All that could be seen through the window was the August tide, bringing rain in its wake. The earth came to an abrupt end out there, at the edge of the sand hills. One more squall, one more upheaval of the great grey field furrowed with parallel ridges of foam, and the house would surely float away like the ark . . . but Phil and Vinca knew the August seas of old and their monotonous thunder, as well as the wild, white-capped seas of September. They knew that this corner of a sandy field would remain impassable, and all through their childhood they had scoffed at the frothy foam-scuds that danced powerlessly up to the edge of man's dominion.

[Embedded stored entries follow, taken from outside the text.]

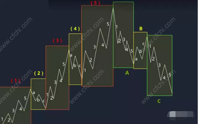 这个还只是标准的结构。波浪还可以再细分,理论上既可以把波浪组合成更长的波浪,也可以把波浪细分成更短的波浪,如下图所示,浪中有浪,大浪含小浪,小浪再套小浪。波浪区间统计涉及两个因子:时间与空间。而波浪理论最大争议在于,这两个因子无论是在整段行情走完之前,抑或行情走完之后,都是无法标准定义的,大多数情况投资者只能意会揣测。这也是波浪理论的一个最大缺陷。
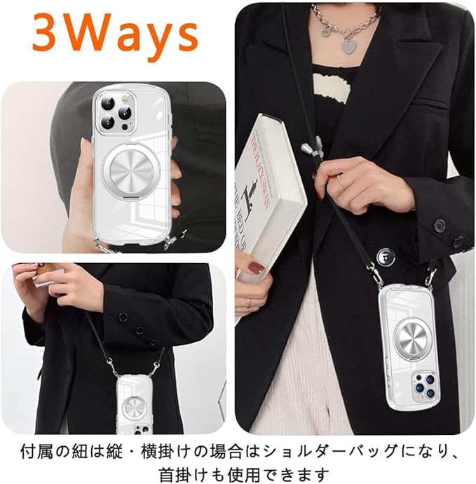 【互換性モデル】iPhone 17 Pro Max 適用 ケース。※ご注意:ご注文する前に、必ずお買い求めの機種とカラーを確認してください。 【MagSafe ワイヤレス充電・スピーディー且つ自由な充電体験】iPhone 17 Pro Max 用ケースには高度な MagSafe 磁気吸着ワイヤレス充電機能が搭載され、利便性の高い充電体験を新たな次元に引き上げました。正確な磁気吸着で位置決めが完了し、「貼り付けるだけで充電開始」となり、煩わしい差し込み操作を廃し、充電プロセスをスムーズに実現します。さらに高性能ワイヤレス充電技術により、安定的かつスピーディーな給電を確保しており、日常的な充電補給から緊急時の持続稼働まで幅広いニーズに柔軟に対応可能です。自宅でのゆったりとした時間、オフィスでの休憩時間、それに旅先での移動中など、あらゆる場面で MagSafe ワイヤレス充電機能がシームレスに適応し、途切れることのない電力サポートを提供し、テクノロジーがもたらす快適さと効率を存分に楽しんでください。 【全面保護】優れた保護性能,耐久性に優れた、傷がつきにくい,衝撃吸収性の高いTPU素材,衝撃やキズ、埃などからしっかりとスマホの背面を守ります。で落下衝撃から本体をしっかりと守ってくれます。フチをわずかに高く設計することで、日常生活の消耗に耐えしっかり保護できる、スマホへの傷つけを防止します。スマホを落としてしまっても衝撃を最小限に抑えるケース。専用にオリジナル設計しているためぴったりとフィットし、保護性能には欠かせないポイントとなっています。 【長さ調整可能 & ストラップの脱着が1秒で可能】調節可能なストラップにより、サイド、またはフロントに持ち運べるときに完璧にあなたの隣に掛けることができます。 このアクセサリーはファッションだけでなく、通常のストラップよりも快適で実用的です。それらは非常に耐性があり、湿気を吸収せず、無臭で乾燥しています。 それはあなたの手に自由を与えます。 ネックストラップはお好みの長さに調節できます。ストラップはいつでも取り外して身につけることができます、好きなように着こなす。
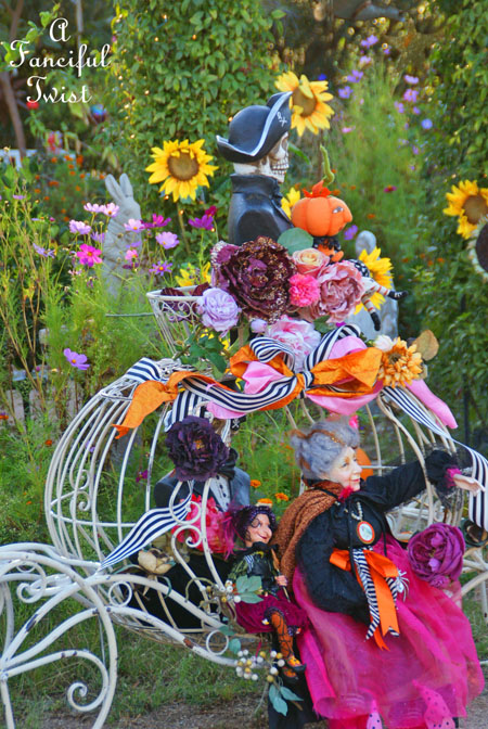 I loved every bit of your Witches tea! Such fabulous characters attended in such grand style in this magnificent carriage! Wherever do you find such fascinating collectibles! That gnome in the dog costume gave me such a giggle!!! Your table divine with your spectacular black and white dishes and soft pastel palette decor!
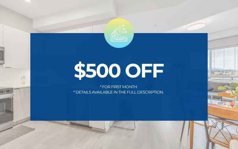 $500 OFF for first month . Beds/Baths: 1 Bed / 1 Bath . Size: Approx. 750 sq.ft. . Parking: 1 secured gated stall (+ 2 visitor stalls) . Locker: None . Pets: Not permitted . Smoking: Not permitted . Availability: November 15 or sooner . Lease Term: Minimum 1 year . Features: Modern kitchen,stainless appliances,in-suite laundry . Notes: Tenant insurance required (id:52069) ID#: 2197501
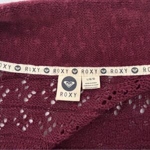 Roxy Vtg Y2K Longline Sweater Duster L Burgundy Loose Knit Crochet 2000s Beachy

This quote is an example of Colette’s use of imagery and natural scenery to dramatize the love scenes of the book. Set on the coastline, the relationship between these angsty teenagers is furthered by the dramatic nature of the coast. Philippe and Vinca spent much of their childhood playing along the shore. This same shore is now the setting of their stormy romance. The scenery is often used for the characters to reflect on the turmoils of their relationship.
I was set upon . . . shut up in a cellar, given powerful potions to quench my thirst, tied naked to a stake, tortured, put to the test. . . .
Here Philippe tries to explain to Vinca the nature of his affair. He describes it as a type of trap that captivated his attention. Madame Dalleray is described in the book as overly-feminine and dripping with desire. Philippe openly gawks at her sexuality and is instantly interested. After the affair, Philippe feels incredibly guilty but also thankful for the experience. He is forced to come to terms with his love and his desires. Vinca does not understand why he would lose his virginity to a stranger and not to her. She is both hurt and angry.